Because the action complexity is handled by the hook, the rendering layer becomes trivial. <EntityMenuItems> loops the array and maps each item to the right primitive — separators become menu dividers, string actions become native links, and callbacks become menu buttons. <EntityDropdownMenu> and <EntityContextMenu> are thin shells that pass the same items to different menu primitives.

function EntityMenuItems({ items }: EntityMenuItemsProps) {
  return items.map((item, index) => {
    if (isMenuItemSeparator(item)) {
      return <DropdownMenuSeparator key={index} />;
    }
 
    if (typeof item.action === 'string') {
      return (
        <DropdownMenuItem key={item.label} render={<a href={item.action} />} />
      );
    }
 
    return <DropdownMenuItem key={item.label} onClick={item.action} />;
  });
}
type EntityDropdownMenuProps = {
  items: MenuItem[];
  trigger: ReactElement;
  dropdownMenuContentProps?: ComponentProps<typeof DropdownMenuContent>;
};
 
export function EntityDropdownMenu({
  items,
  trigger,
  dropdownMenuContentProps,
}: EntityDropdownMenuProps) {
  return (
    <DropdownMenu>
      <DropdownMenuTrigger render={trigger} />
      <DropdownMenuContent {...dropdownMenuContentProps}>
        <TooltipProvider>
          <EntityDropdownMenuItems items={items} />
        </TooltipProvider>
      </DropdownMenuContent>
    </DropdownMenu>
  );
}

Both consume the exact same array:

// listing row
<EntityDropdownMenu items={useMemoryMenu({ memory, context: "listing" })} />
 
// card right-click
<EntityContextMenu items={useMemoryMenu({ memory, context: "listing" })}>
  <MemoryCard memory={memory} />
</EntityContextMenu>
 
// detail page header
<EntityDropdownMenu items={useMemoryMenu({ memory, context: "detail" })} />

The context prop dictates which sections the hook includes.

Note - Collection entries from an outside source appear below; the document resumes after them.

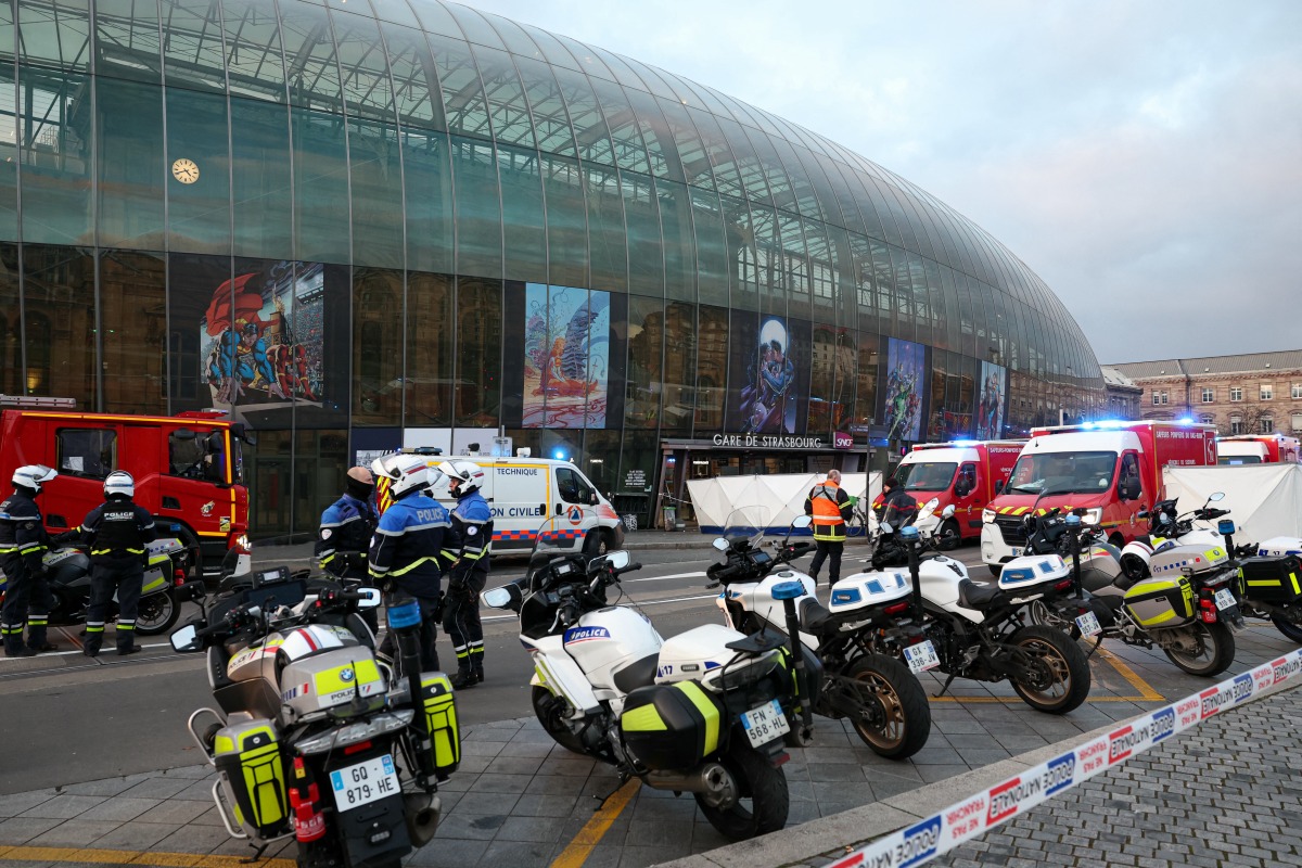 French police officers stand outside the Strasbourg railway station following a collision of two trams, in Strasbourg, eastern France, on January 11, 2025. Photo by FREDERICK FLORIN / AFP
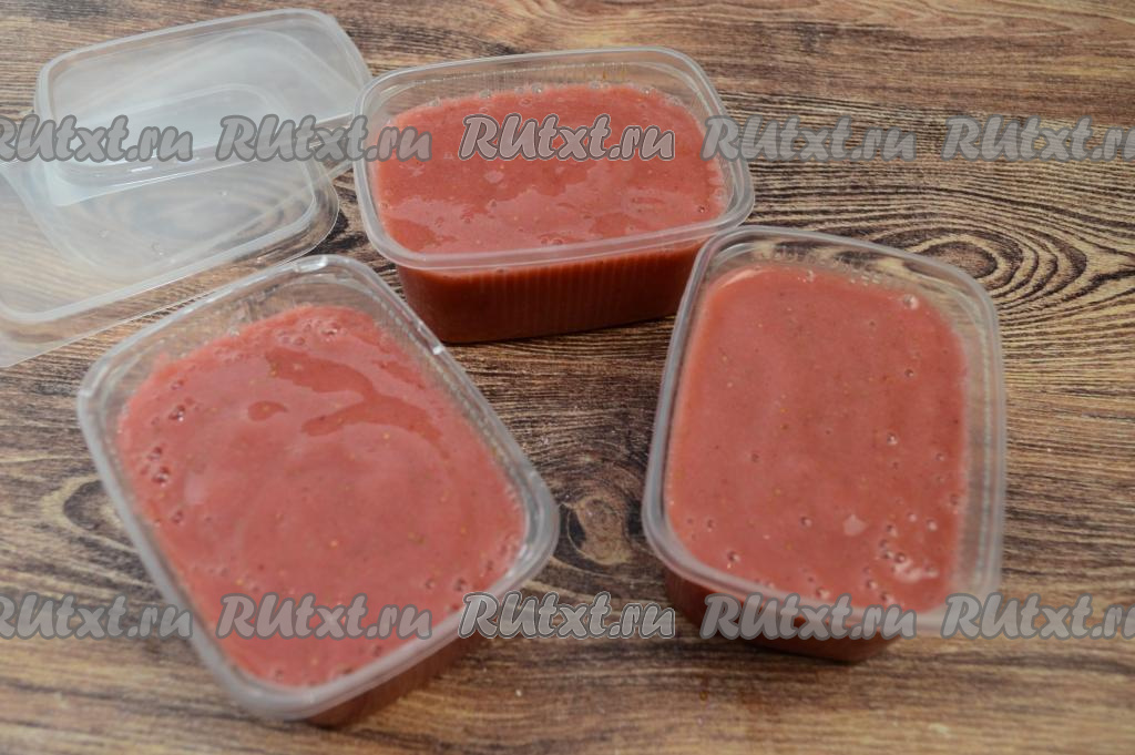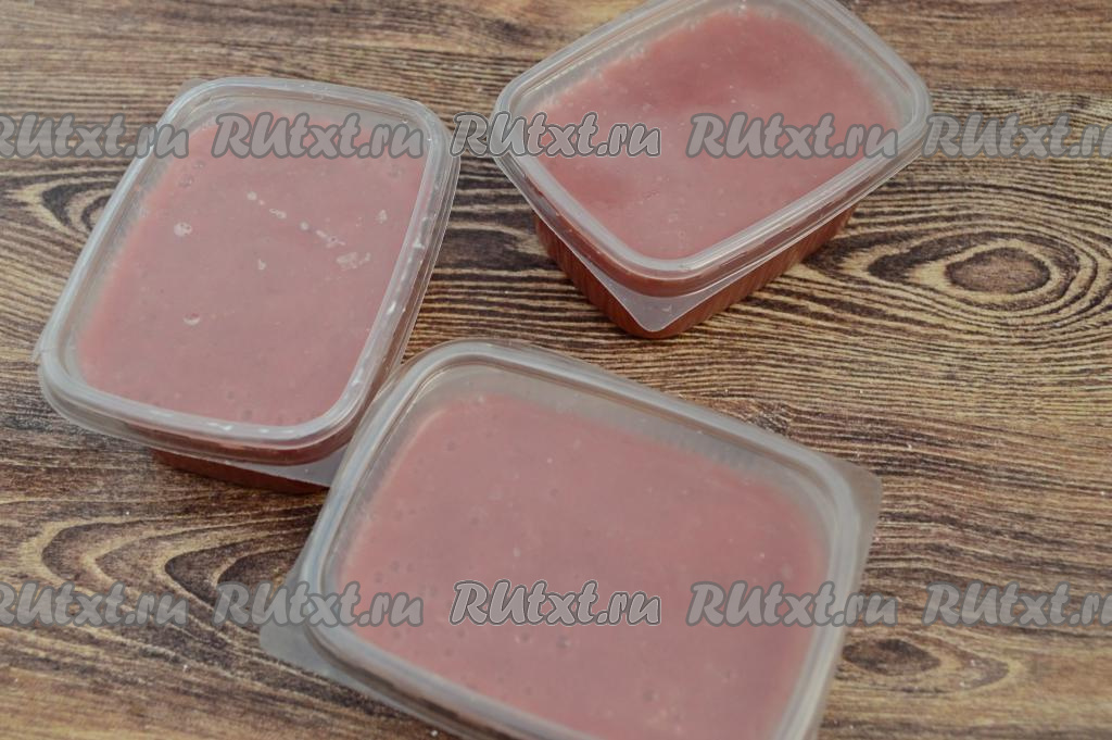 Подготовленное ягодно-фруктовое пюре разлить по пластиковым контейнерам. Я заполнила 3 контейнера по 250 миллилитров каждый.
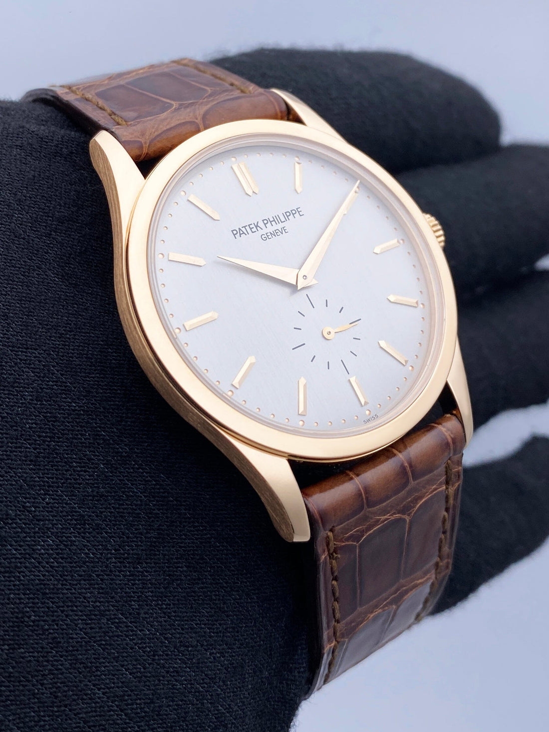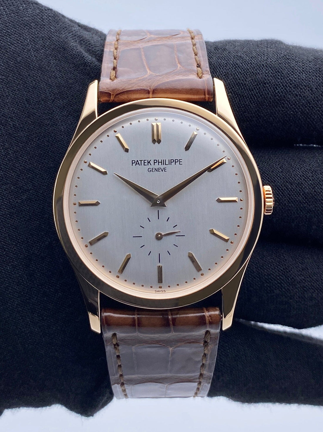 Patek Philippe Calatrava 5196R-001 Mens Watch. 37mm 18K rose gold case with 18K rose gold smoothed bezel. Silver dial with rose gold hands and rose gold index hour marker. Small second sub-dial display between 5 & 7 o'clock position. Brown leather strap with 18K rose gold buckle. Will fit up to 7.5-inch wrist. Sapphire crystal. 18K rose gold case back. Calibre 215 PS mechanical hand winding movement up to 48 hours power reserve.
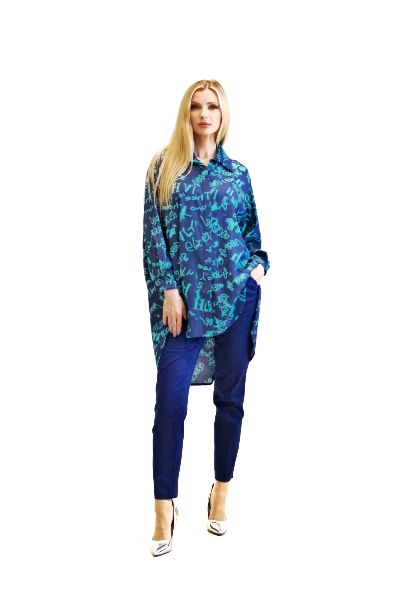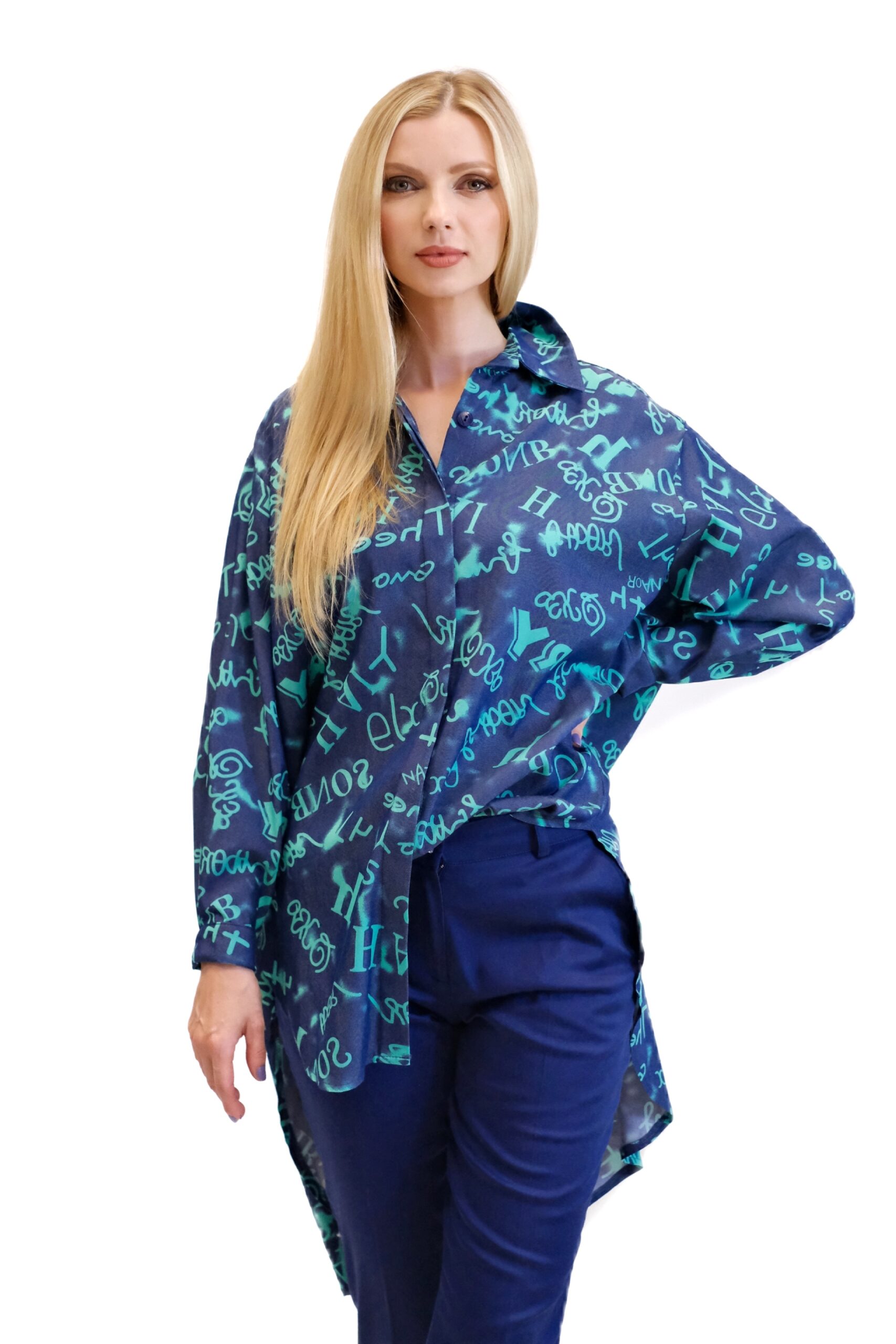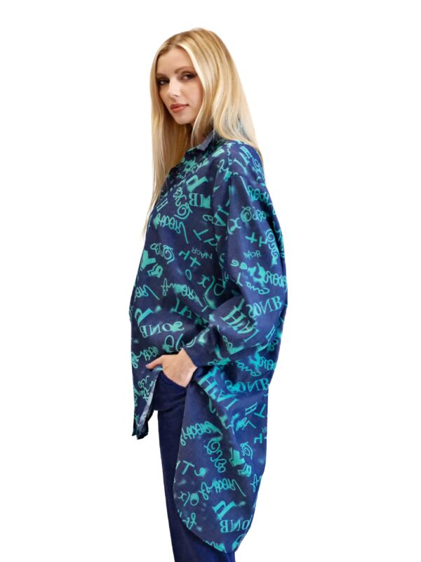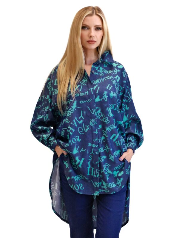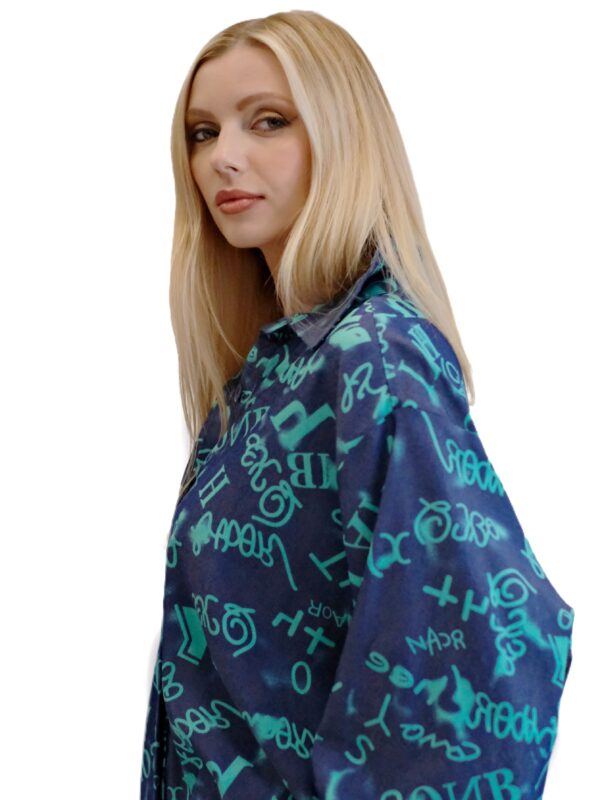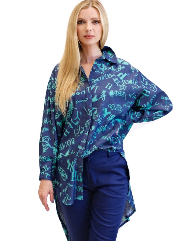 Košeľa je navrhnutá v pohodlnom oversize strihu, ktorý sadne na každý typ postavy. Košeľa je ušitá z vynikajúceho dýchateľného materiálu, v ktorom sa budete cítiť skvele aj počas horúcich letných dní. Košeľa je kombináciou tmavomodrej a tyrkysovej, v ktorej sú vyvydené písmena. Kombinujte ako naše stylistka s tmavomodrými nohavicami.
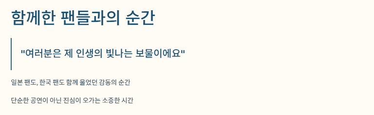 팬미팅 마지막에는 언니가 팬들을 향해 “여러분은 제 인생의 빛나는 보물이에요”라고 말했어. 솔직히 그냥 말 한마디에 심쿵했던 거 실화. 내 옆에 있던 일본 팬 언니는 울면서 고개 끄덕였고, 나도 눈물나더라.
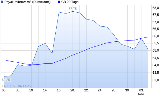 Mit dem Anstieg auf 66,35 EUR hat die Royal Unibrew Ord Shs-Aktie am 03.11.2025 die 20-Tage-Linie nach oben gekreuzt.
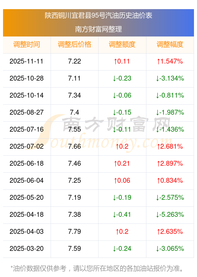 陜西銅川宜君縣95號(hào)汽油歷史油價(jià)表
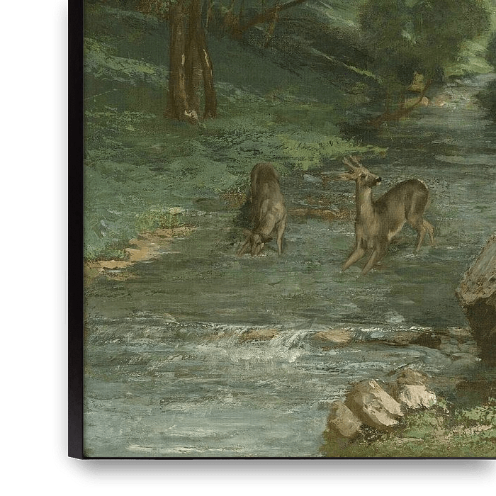 Chevreuil au bord d'un ruisseau, Gustave Courbet (1868) Courbet était un chasseur passionné et a peint des œuvres telles que Chevreuil au bord d'un ruisseau - dans lesquelles il semble s'approcher du chevreuil, sa proie sans être observé - pour attirer les clients qui partageaient ses intérêts sportifs. En représentant des créatures aussi rapides et craintives, il a également démontré sa capacité à faire des observations et des rendus rapides comme l'éclair.

The renderer just loops and renders. It can be a dropdown, a context menu, or even a command palette search source.

The payoffs

By modeling menu actions as data, you get massive leverage:

  • New menus are fast. Write a hook, assemble sections, use shared actions. The renderer already exists.
  • Global actions are trivial. Add an action to useEntityMenuActions() and every entity menu in the app inherits it.
  • Permissions stay consistent. Visibility, disabled states, and tooltips are decided before rendering, so dropdowns, context menus, and command palettes do not drift.
  • Logic is testable. Unit test useMemoryMenu() by asserting on the returned array. No rendering, no simulated clicks, just verifying items against props and permissions.

The throughline

This is the same principle as the dialog stack and the shortcut catalog (post coming soon). A small typed platform pays off as the surface area grows.

Action menus scale by returning one more item. Dialogs scale by registering one more component. Shortcuts scale by adding one catalog entry. Call sites stay small because the complexity lives in the right place: the data layer.